Judging from readers' comments posted at the end of the article, Cosgrove is far from alone in thinking that it isn't the place of medical institutions to solve the problems of distressed neighborhoods. Physicians and health executives have long believed that the responsibility of medicine is solely to provide health care, not social services or economic benefits outside of employment. But it's 2017, not 1967. As Susan Heavey reported for the Association of Health Care Journalists, in many parts of the U.S. health professionals have successfully partnered with advocates, local officials, and housing developers to "reinvent neighborhoods with [an] eye on health." If the leaders of the Cleveland Clinic wanted a road map for how to help rebuild the surrounding community, they could review one of 10 recent case studies posted by the Build Healthy Places Network, an organization whose mission "is to catalyze and support collaboration across the health and community development sectors, together working to improve low-income communities and the lives of people living in them."
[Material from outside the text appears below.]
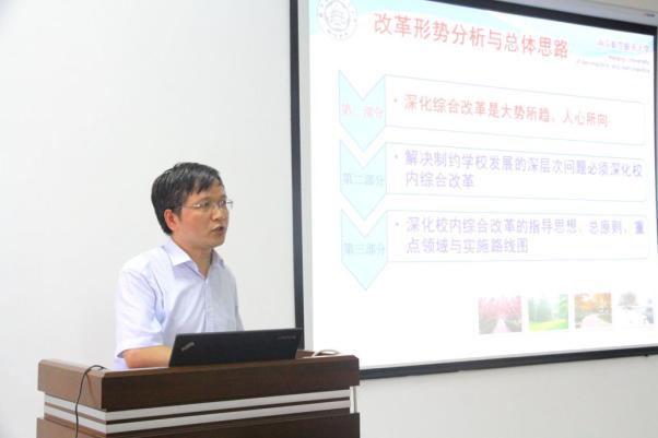 周克印作了总结讲话。他指出,我校实施校内综合改革既是大势所趋,也是人心所向,是每个“南航人”义不容辞的责任和使命。学院全体教职员工既要“借东风”,以综合改革为契机促进各项工作再上新台阶,也要“练内功”,认真改革形势和改革方向,努力提升自身工作水平,在学校学院的大发展中作出更大贡献。

On a national level, rather than allowing CHNAs to gather dust on a shelf (or the online equivalent), health policymakers could use them to allocate public funding for graduate medical education where it is needed most, rather than where it is currently going. As Dr. Melanie Raffoul, one of my past Policy Fellows, wrote recently in an analysis of Texas CHNAs and regional health partnership plans in the Journal of the American Board of Family Medicine:

Many [CHNAs] mentioned problems such as “low literacy,” “food deserts,” or “high levels of teen pregnancy.” Many of these concerns cannot be meaningfully addressed by hospitals, but they can be tackled through increased access to primary care and mental health services, and residency training sites are one way to provide this to the community. This should increase institutions' thinking about their role in larger community strategies to tackle community issues that affect health. Workforce gaps similarly need to be seen in this context—a community resource meant to resolve community needs. ... Community assessments could help refocus the use of publicly funded physician training as part of a broader hospital-community partnership for resolving health needs.

I began by stating that I didn't think that the Cleveland Clinic deserved to be ranked the #2 hospital in the nation, but since U.S. News and World Report already put it on that pedestal, the Clinic should live up to it by not only providing the best health care for their patients, but getting serious about improving the health of their community.